Nuclear Iran: It’s Time to Plan for Engagement
Friday, January 13th, 2006This week, Iran decided to remove the seals at an Iranium enrichment plant publicly defying the International Atomic Energy Agency or the United Nations to stop them. Iran’s position is confirmatory step to President Mahmoud Ahmadinejad’s capricious claim that Iran has a legitimate right to acquire nuclear power.
Victor Davis Hanson outlines the Iranian threat:
With nukes and an earned reputation for madness, [Iran] can dictate to the surrounding Arab world the proper policy of petroleum exportation; it can shakedown Europeans whose capitals are in easy missile range; it can take out Israel with a nuke or two; or it can bully the nascent democracies of the Middle East while targeting tens of thousands of US soldiers based from Afghanistan to the Persian Gulf.
And Iran can threaten to do all this under the aegis of a crazed Islamist regime more eager for the paradise of the next world than for the material present so dear to the affluent and decadent West. If Iran can play brinkmanship now on just the promise of nuclear weapons, imagine its roguery to come when it is replete with them.

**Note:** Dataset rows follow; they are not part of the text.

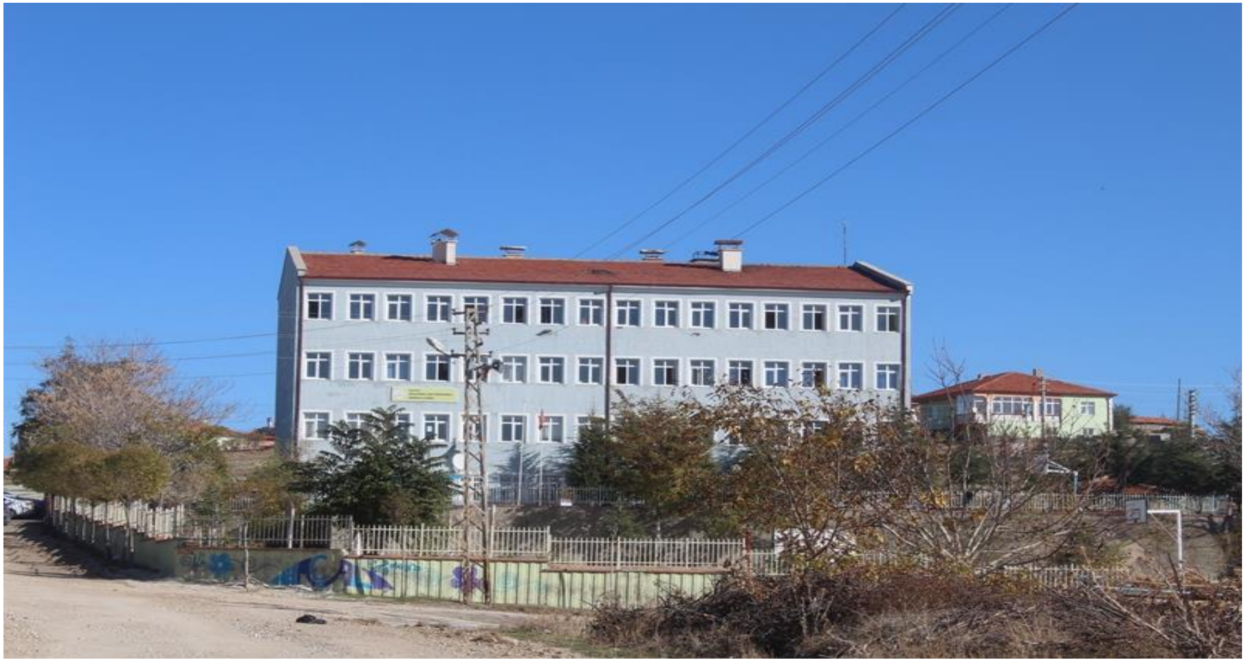
AĐAÇÖREN ÇOK PROGRAMLI ANADOLU LİSESİ
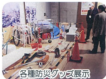
各種防災グッズ展示

今回の視察体験研修では地域の多くの皆さんが参加し、いざという時どのような行動し対応するかを学びました。 こうした体験をした人達のネットワークの広がりが地域の防災力のアップと防災意識の向上に繋がればと思っています。 普段は何げない箇所でも震災時には危険な箇所が変わる事があるということも今回知ることができました。 できれば、これからも多くの人達に体験してもらえれば幸いです。
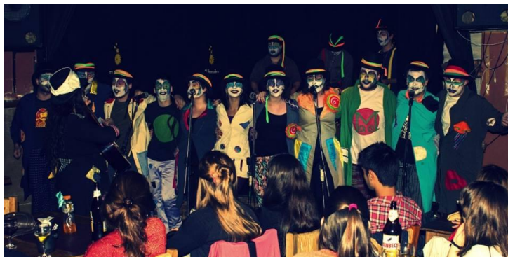
Imagen 21: Sobretudo en verano en El Aserradero, 24 de octubre de 2013.

del 2018, al poco tiempo de presentar su último espectáculo: “El lechón (vinimos por el choripán)”.
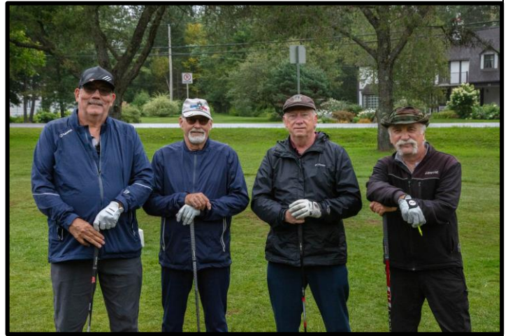
C'est toujours agréable de revoir des anciens !

Pour l'occasion, trente-six (36) quatuors s'étaient donné rendez-vous. Il y avait une belle représentation de toutes les composantes de la grande famille régimentaire, c'est-à-dire, le 12 e RBC (VA), le 12 e RBC (TR), les retraités, des membres de l'Ordre de l'Étoile de Trois-Rivières ainsi que plusieurs partenaires et commanditaires de l'Association.
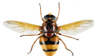
Mosca das flores, Volucella zonaria
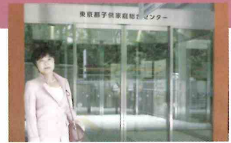
2013年にリニューアルされた児童相談センター。

東京都の中央児童相談所として位置付けている児童相談センターには、親子が宿泊できる部屋、気持ちを静める部屋等も整備されています。また「治療指導室」を置いており、一緒に食事作りができる調理室、音楽室、工作室があり、専門の職員が指導にあたっています。
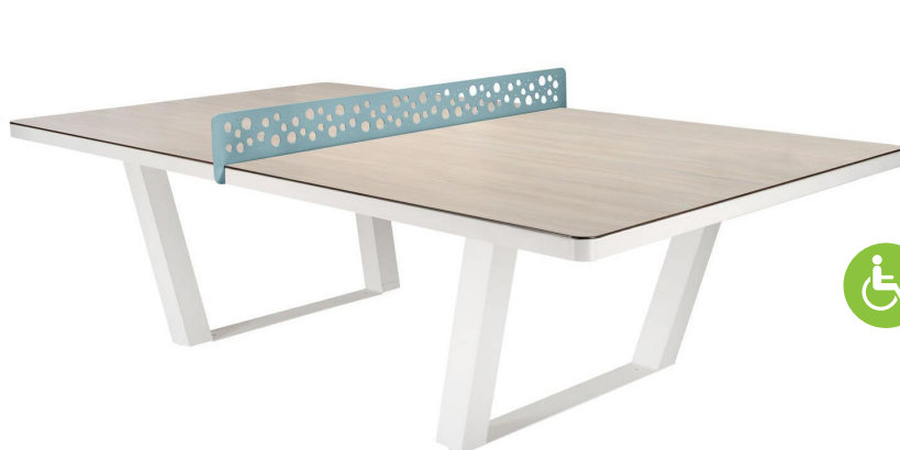
Table de ping-pong Garden
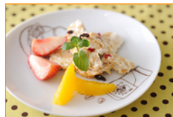
シリアル・ヌガー

COOP「おいしい低脂肪牛乳」を製造している森永乳業様の方が講師となって開催する料理教室です。乳製品のコクを生かし、カロリー、塩分は控えたカルシウムたっぷりのお料理です。
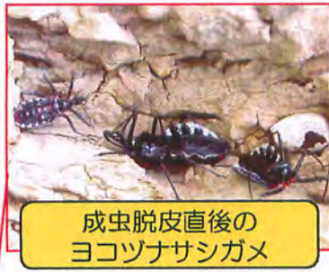
成虫脱皮直後の ヨコツナサシガメ
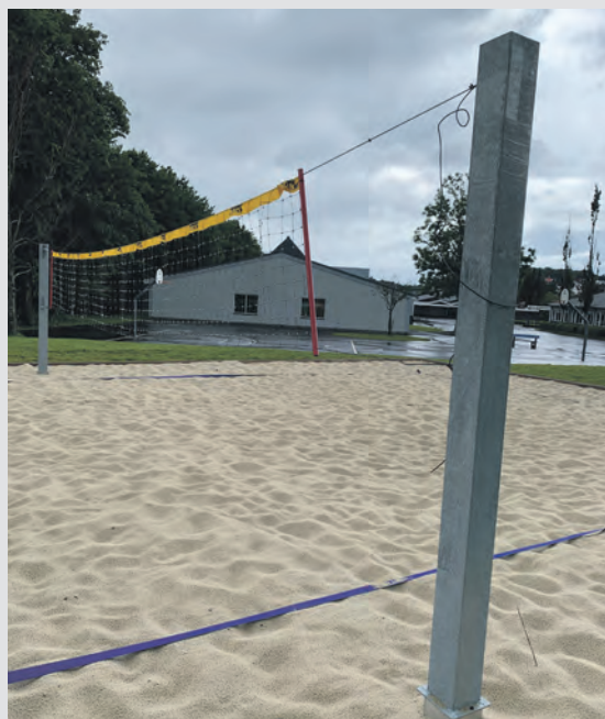
SANDVOLLEY: Itte OL e me e jo tross alt blitt ein foregangsnasjon i sandvolley.
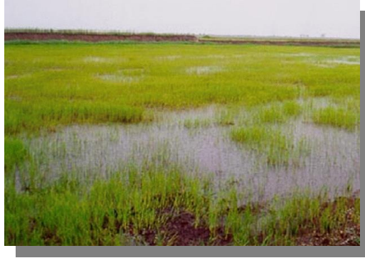
บริเวณที่พบ

ลักษณะโดยทั่วไป : เนื้อดินเป็นดินเหนียว ดินบนมีสีเทาหรือเทาแก่ ดินล่างมีสีเทา จุดประสีน้ำตาลและสีเหลืองหรือสีแดง พบตามที่ราบลุ่มภาคกลางเป็นส่วนใหญ่ มีน้ำแช่ขังลึก 20-50 ซม. นาน 3-5 เดือน ถ้าเป็นดินที่ได้รับอิทธิพลจากน้ำทะเลจะพบสารจาโรไซต์สีเหลืองฝังในระดับความลึกเป็นดิน ลึก มีการระบายน้ำเร็ว ความอุดมสมบูรณ์ตามธรรมชาติปานกลาง pH 4.5-5.5 ได้แก่ ชุดดินอยุธยา บางเขน บางน้ำเปรี้ยว ท่าขวาง ชุมแสง บางปะอิน และมหาโพธิ์

The Iranian threat should be treated very seriously within the halls of the State Department–but diplomacy is not going to stop Iran’s mad mullahs or Ahmadinejad. In this age of Islamic terrorism, diplomacy merely works as a means of international bureacratic pacification. For example, the United States went to the U.N. Security Council and obtained Resolution 1441 in which the Bush Adminstration used as part of their war calculus in justifying the decision to go to war with Iraq. However, it was not the main reason for going to war nor was it constitutionally necessary. Rather, the move was made to create a buffer between the European and other world elites who opposed U.S. intervention. Iran should be no different. Try diplomacy, and if it works, yell “Hurrah!” However, pressure by the EU-3 (Great Britain, France, and Germany) and the United States is not going to stultify the Iranian nuclear physicists, chemists, and engineers from building their developing nuclear material for their dream nuke.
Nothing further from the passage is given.